→ TRY IT
The part below that opens with the line containing "Superfin kavaj som" and closes with the line containing "Как сообщалось, двое" should be copied exactly, minus any pictures.

(Dataset excerpts)
------------------------------------------------

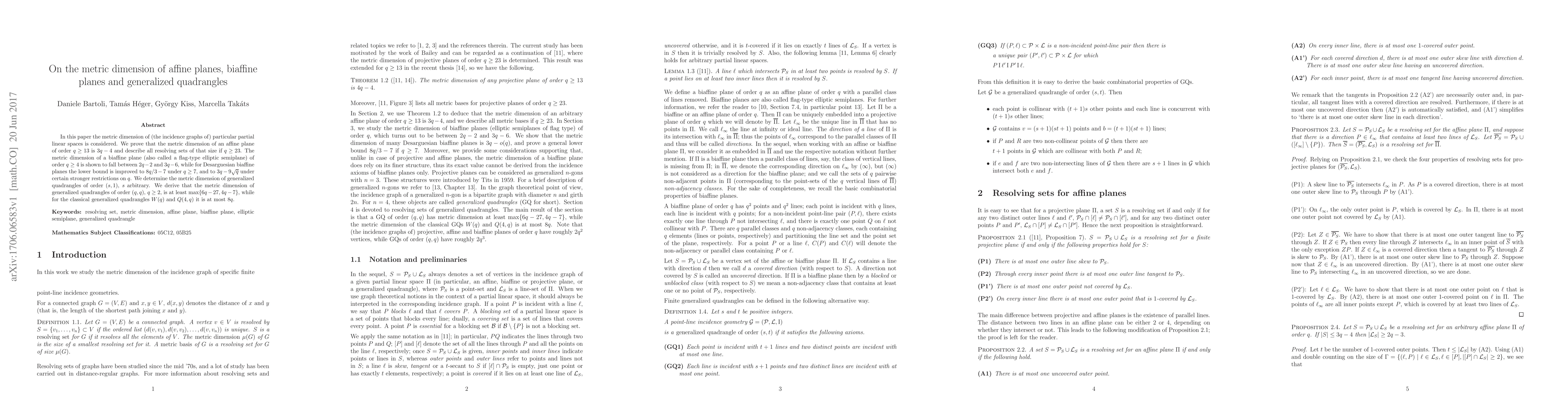 This paper investigates the metric dimension of incidence graphs for specific partial linear spaces, including affine planes, biaffine planes, and generalized quadrangles. It finds that affine planes of order $q\geq13$ have a metric dimension of $3q-4$ and resolvents of that size for $q\geq23$. For biaffine planes, the metric dimension ranges between $2q-2$ and $3q-6$, with improved bounds for Desarguesian biaffine planes. The metric dimension of generalized quadrangles is determined, with specific bounds for $(q,q)$ and classical types $W(q)$ and $Q(4,q)$.
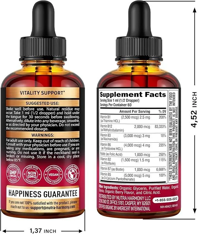 - Made with Care & Love – At NUTRAHARMONY, we desire to provide you with quality and outstanding service. If, for any reason, you are not happy with b complex liquid drops, just let us know! Drop a message to share your experience with b vitamins complex B1, B2, B3, B4, B5 Pantothenic Acid, B6, B7, B9 & Methylcobalamin B12!
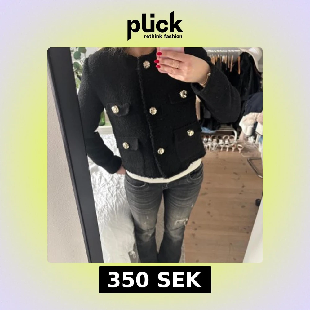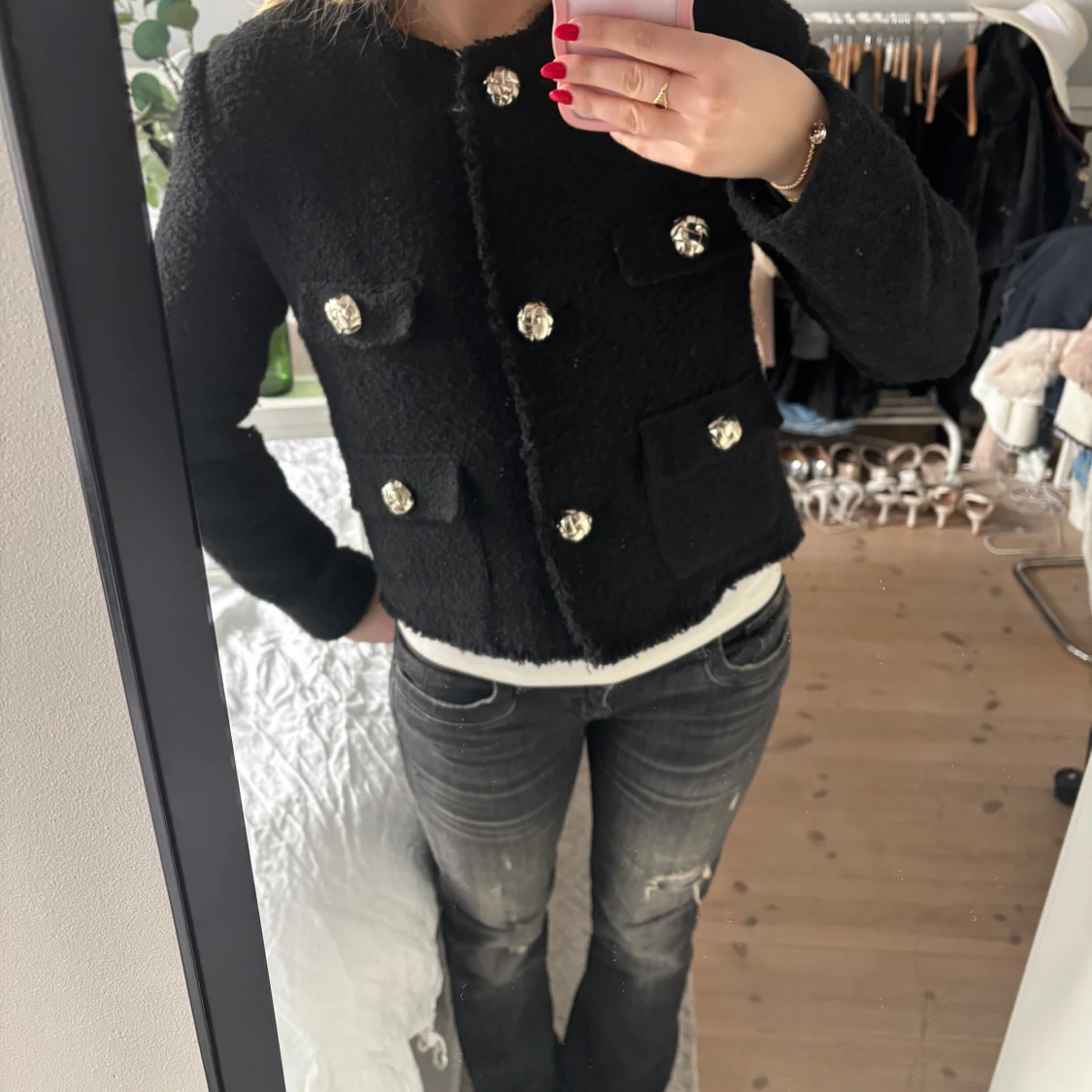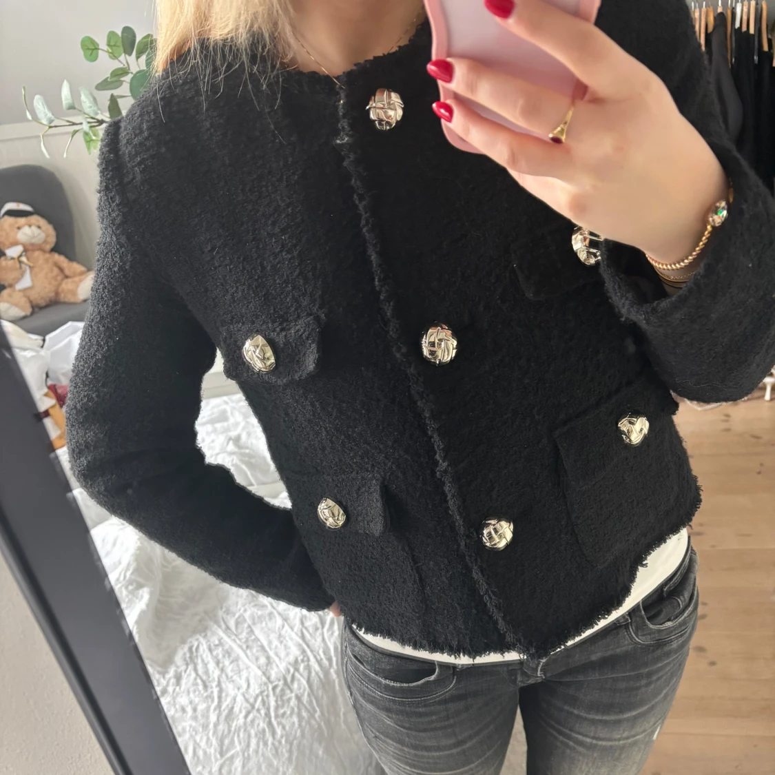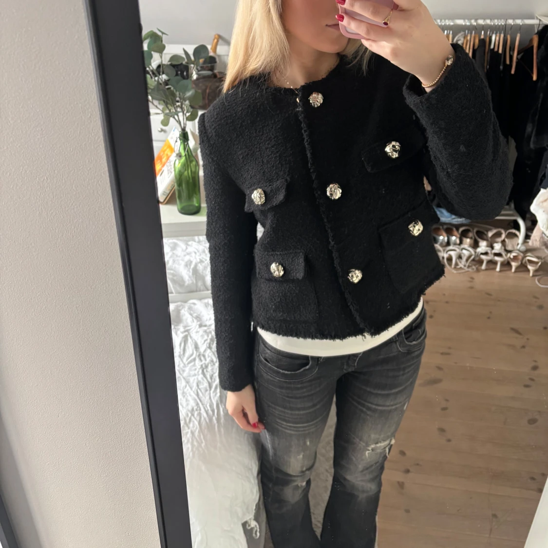 Superfin kavaj som funkar fint som kofta i tweed med guldiga knappar.
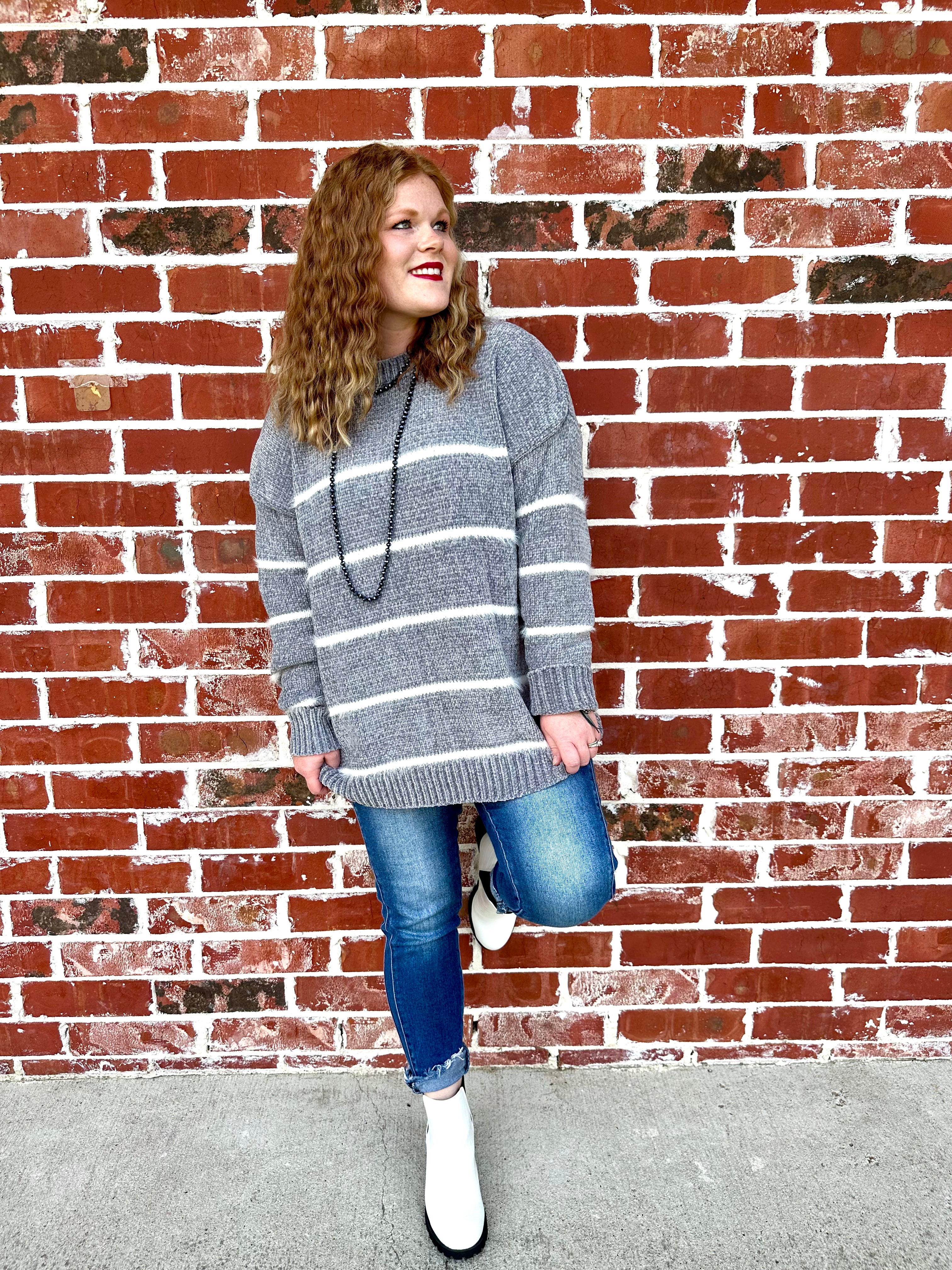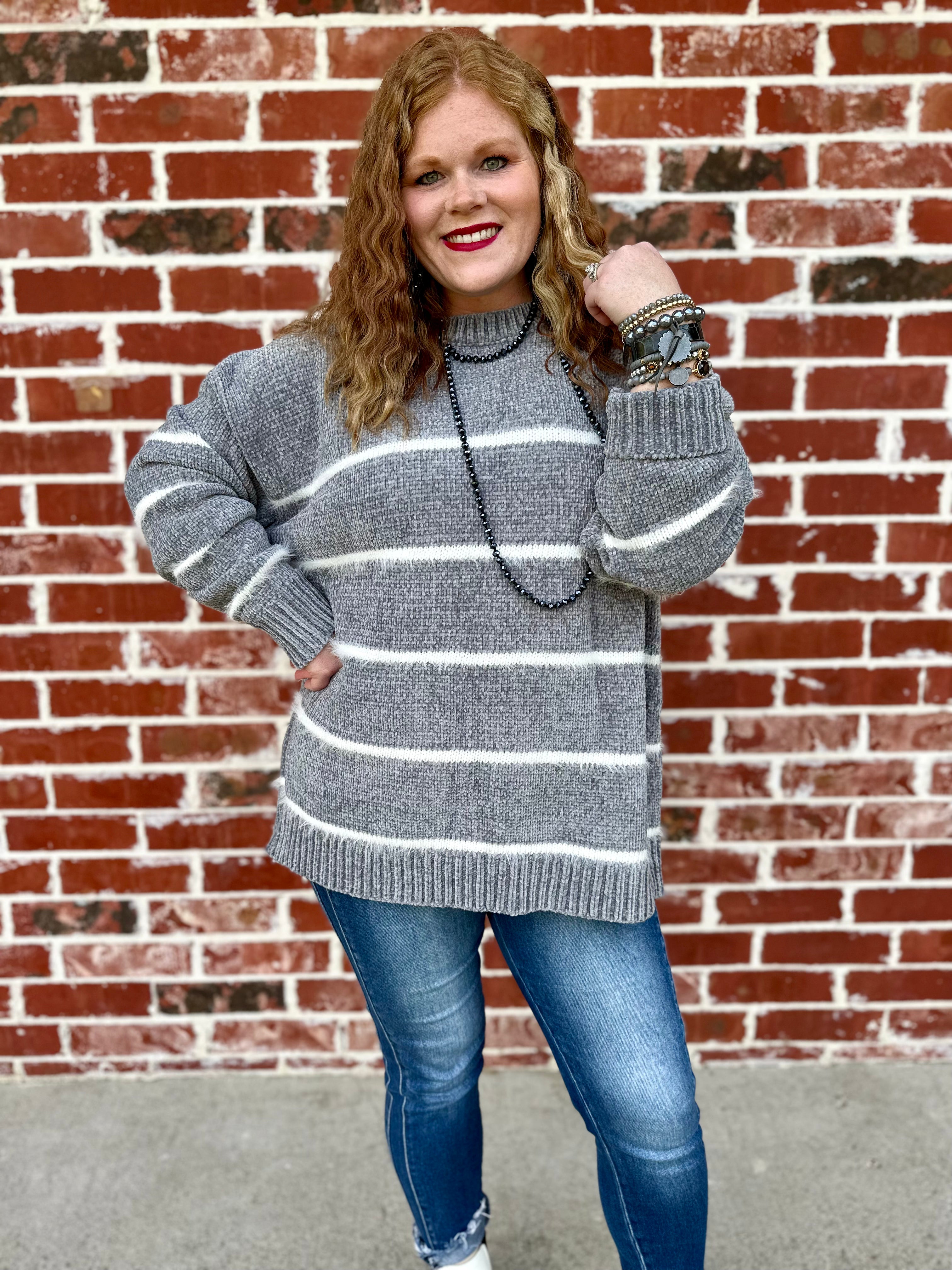 Stay comfortable and stylish with our It's Just Casual Stripe Sweater in Grey! This versatile sweater features trendy stripes and a soft fabric, perfect for any casual occasion. Elevate your wardrobe with this must-have piece and effortlessly elevate your style.
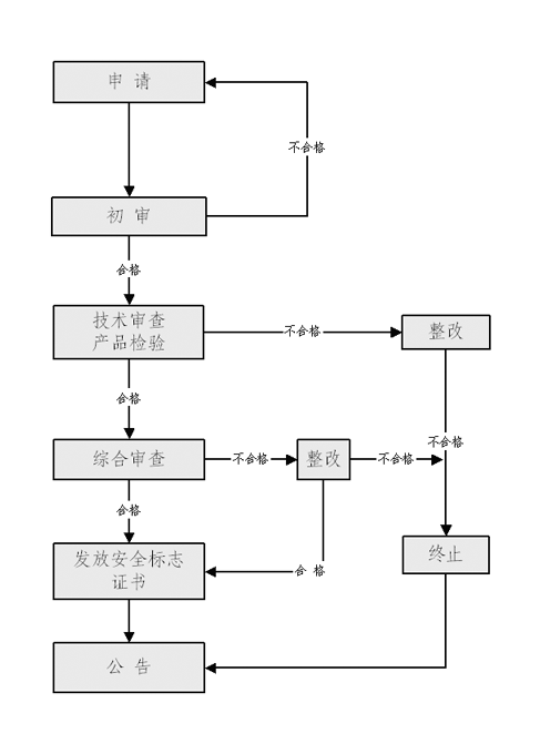 采用新材料、新技術(shù)和新工藝生產(chǎn)的新產(chǎn)品需進行工業(yè)性試驗的,申辦安全標(biāo)志的程序,主要包括:申請、技術(shù)審查、產(chǎn)品檢驗、綜合審查。符合條件的,針對所檢驗的產(chǎn)品發(fā)放附有產(chǎn)品編號、有效期為6個月的安全標(biāo)志證書。
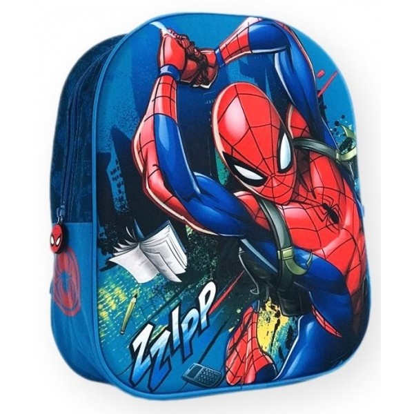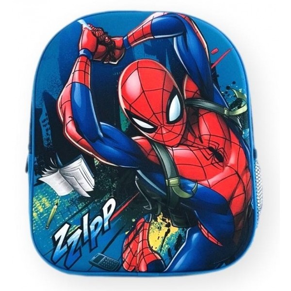 Ghiozdan 3D Spider Man cu 1 compartiment mare prevazut cu fermoar, 1 buzunar lateral, bretele buretate si reglabile. Fermoarul este accesorizat cu personajele in miniatura.
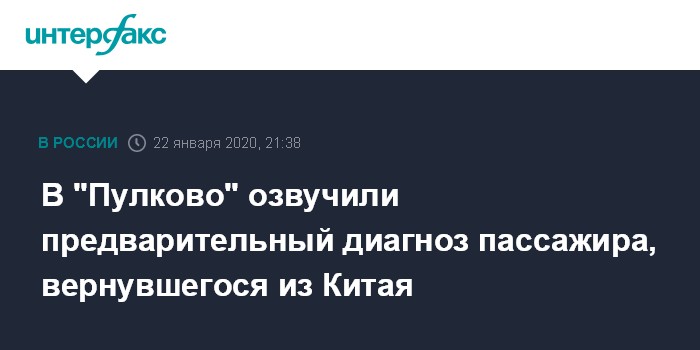Как сообщалось, двое мужчин, граждане Китая и России, были госпитализированы из петербургского аэропорта "Пулково" с подозрением на ОРВИ и высокой температурой. Оба прибыли рейсом из Шанхая, где в настоящее время наблюдается вспышка коронавируса.
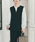 URBAN RESEARCHのレースブラウス、パンツ、DOORSのスリットネックベストを使ってセレモニースタイルを組みました✨ レースブラウスで抜け感✨✨
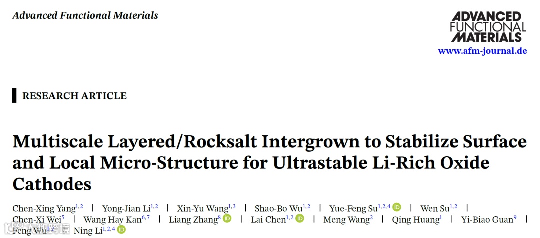近日,北京理工大学的李宁和苏岳锋教授团队在国际知名期刊Advanced Functional Materials上发表题为“Multiscale Layered/Rocksalt Intergrown to Stabilize Surface and Local Micro‐Structure for Ultrastable Li‐Rich Oxide Cathodes”的研究工作。该研究提出了一种新颖的“多尺度层状/岩盐相共生”(Multiscale Layered/Rocksalt Intergrown)策略,通过同时利用d⁰过渡金属离子Nb⁵⁺和Ti⁴⁺在高温煅烧过程中的不同扩散深度,在富锂锰基正极材料的表面和体相分别构建层状/岩盐相共生异质结构,从而实现对材料从表面到体相的全方位结构稳定化。
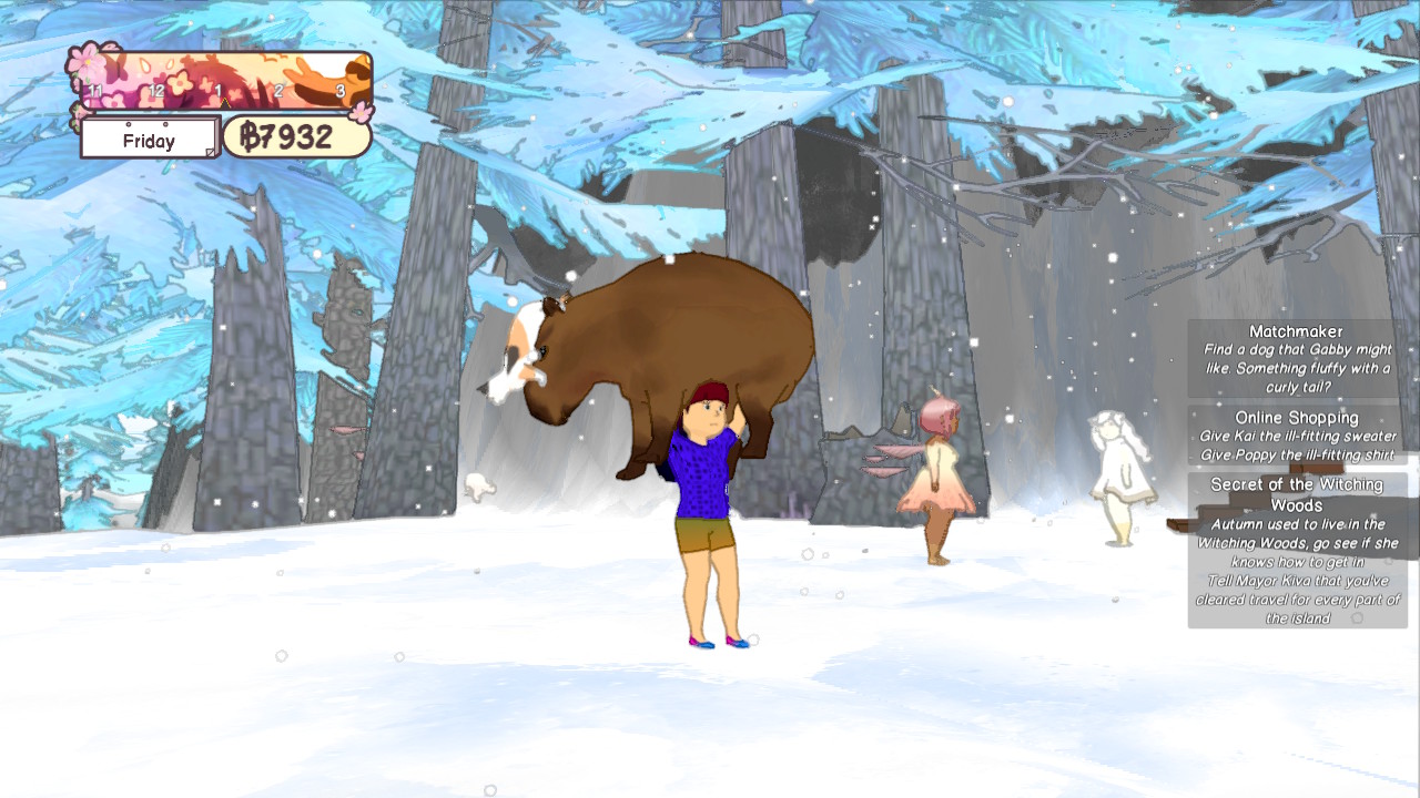 The main reason to do the game’s objectives is to earn more of these things to goof around with. Earning more recipes to cook more foods, earning the ability to go to other areas, and getting new furniture sets unlocks more things to do and interact with. The game may appear to be open world, but areas are blocked by both invisible walls and visible obstructions such as road cones or a giant cat stuck in a log, until you’ve unlocked that area. As areas open up, the world becomes more open. Completing the game even earns you the ability to fly everywhere on a broom!
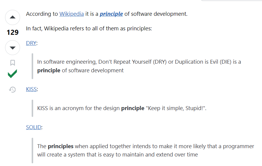 KISS (Keep It Simple, Stupid) means should be simple and straightforward. Avoid unnecessary complexity in your code.

------------------------------------------------

→ FINISHED EXERCISE
 Superfin kavaj som funkar fint som kofta i tweed med guldiga knappar.
 Stay comfortable and stylish with our It's Just Casual Stripe Sweater in Grey! This versatile sweater features trendy stripes and a soft fabric, perfect for any casual occasion. Elevate your wardrobe with this must-have piece and effortlessly elevate your style.
 采用新材料、新技術(shù)和新工藝生產(chǎn)的新產(chǎn)品需進行工業(yè)性試驗的,申辦安全標(biāo)志的程序,主要包括:申請、技術(shù)審查、產(chǎn)品檢驗、綜合審查。符合條件的,針對所檢驗的產(chǎn)品發(fā)放附有產(chǎn)品編號、有效期為6個月的安全標(biāo)志證書。
 Ghiozdan 3D Spider Man cu 1 compartiment mare prevazut cu fermoar, 1 buzunar lateral, bretele buretate si reglabile. Fermoarul este accesorizat cu personajele in miniatura.
Как сообщалось, двое мужчин, граждане Китая и России, были госпитализированы из петербургского аэропорта "Пулково" с подозрением на ОРВИ и высокой температурой. Оба прибыли рейсом из Шанхая, где в настоящее время наблюдается вспышка коронавируса.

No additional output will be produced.